(Required work):
Give the data back exactly. Leave out any images.

(Recorded information):
*** Begin section ***

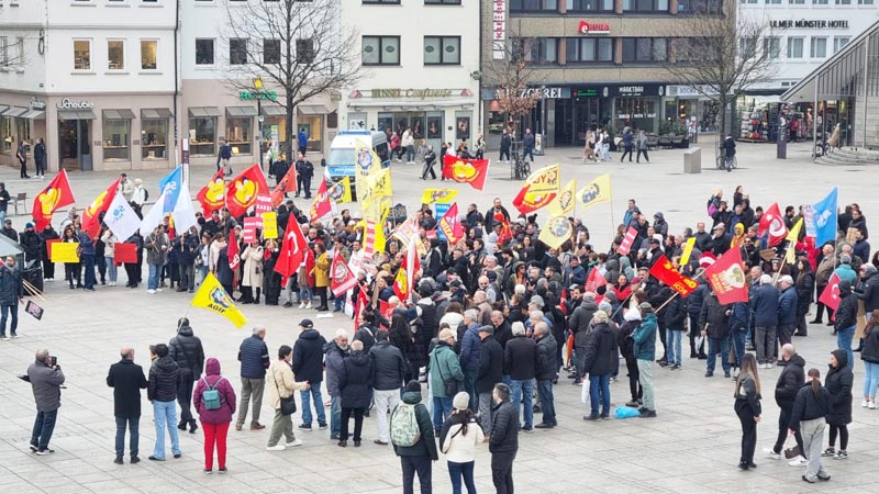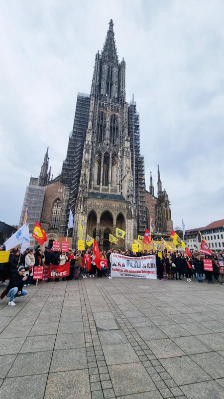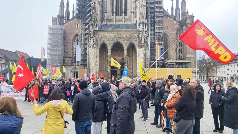Bir çok kentte olduğu gibi, Ulm’da da çok sayıda kurumun bir araya gelerek oluşturduğu “Ulm – Faşizme Karşı Birlik” tarafından oluşturulan girişimce gerçekleştirilen Şehir merkezindeki eylem, olgun bir havada geçti. Münsterplatz meydanındaki gösteriye 300’ün üzerinde kişi katılırken, renkli görüntüler de oluştu.
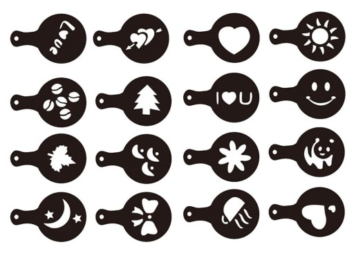 Zestaw 16 szablonów wielokrotnego użytku do dekorowania kawy i deserów. Każdy ze wzorników odpowiada za inną okazję i nastrój, dzięki czemu doskonale spersonalizujesz swoją poranną kawę bądź zabłyśniesz przy gościach jako profesjonalny barista :)
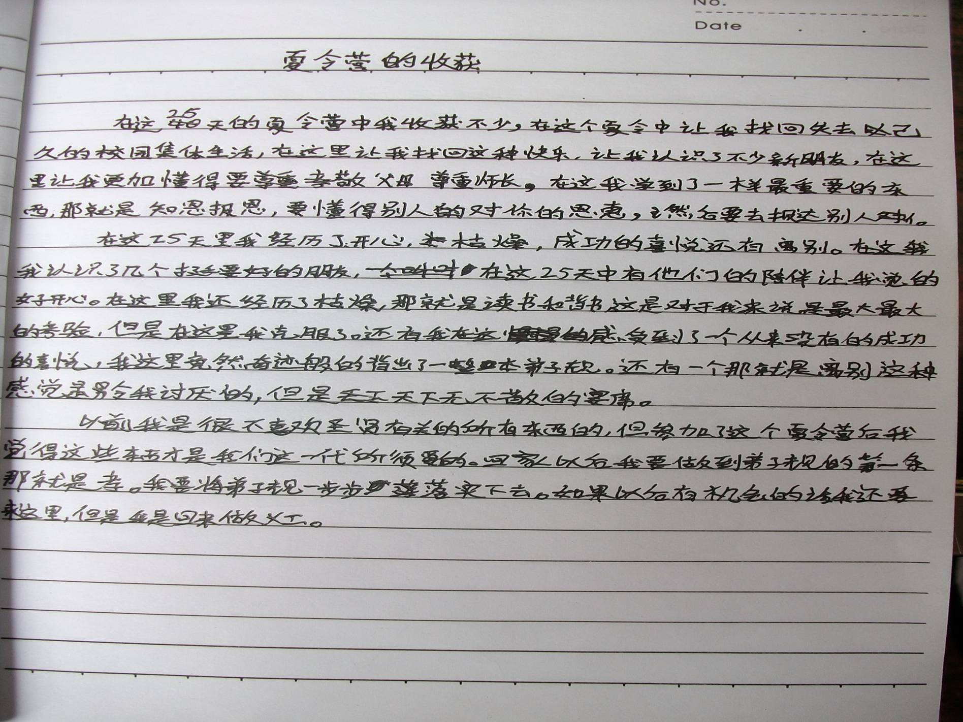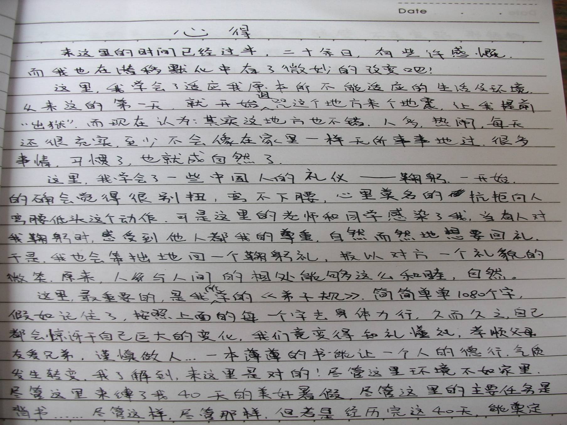09年夏令营在寒热的夏季举办,起初很多孩子来到这里对此地充满了怨恨(抱怨这里的环境没有家里好,抱怨着父母剥夺了自己的假期,抱怨着这里天天读四书五经......等等)。经过了短短40天的学习,孩子的思想有了极大的转变。抱怨变成了感恩,面对四书五经再也不觉的空乏无谓。

*** End section ***

(Your response):
Bir çok kentte olduğu gibi, Ulm’da da çok sayıda kurumun bir araya gelerek oluşturduğu “Ulm – Faşizme Karşı Birlik” tarafından oluşturulan girişimce gerçekleştirilen Şehir merkezindeki eylem, olgun bir havada geçti. Münsterplatz meydanındaki gösteriye 300’ün üzerinde kişi katılırken, renkli görüntüler de oluştu.
 Zestaw 16 szablonów wielokrotnego użytku do dekorowania kawy i deserów. Każdy ze wzorników odpowiada za inną okazję i nastrój, dzięki czemu doskonale spersonalizujesz swoją poranną kawę bądź zabłyśniesz przy gościach jako profesjonalny barista :)
09年夏令营在寒热的夏季举办,起初很多孩子来到这里对此地充满了怨恨(抱怨这里的环境没有家里好,抱怨着父母剥夺了自己的假期,抱怨着这里天天读四书五经......等等)。经过了短短40天的学习,孩子的思想有了极大的转变。抱怨变成了感恩,面对四书五经再也不觉的空乏无谓。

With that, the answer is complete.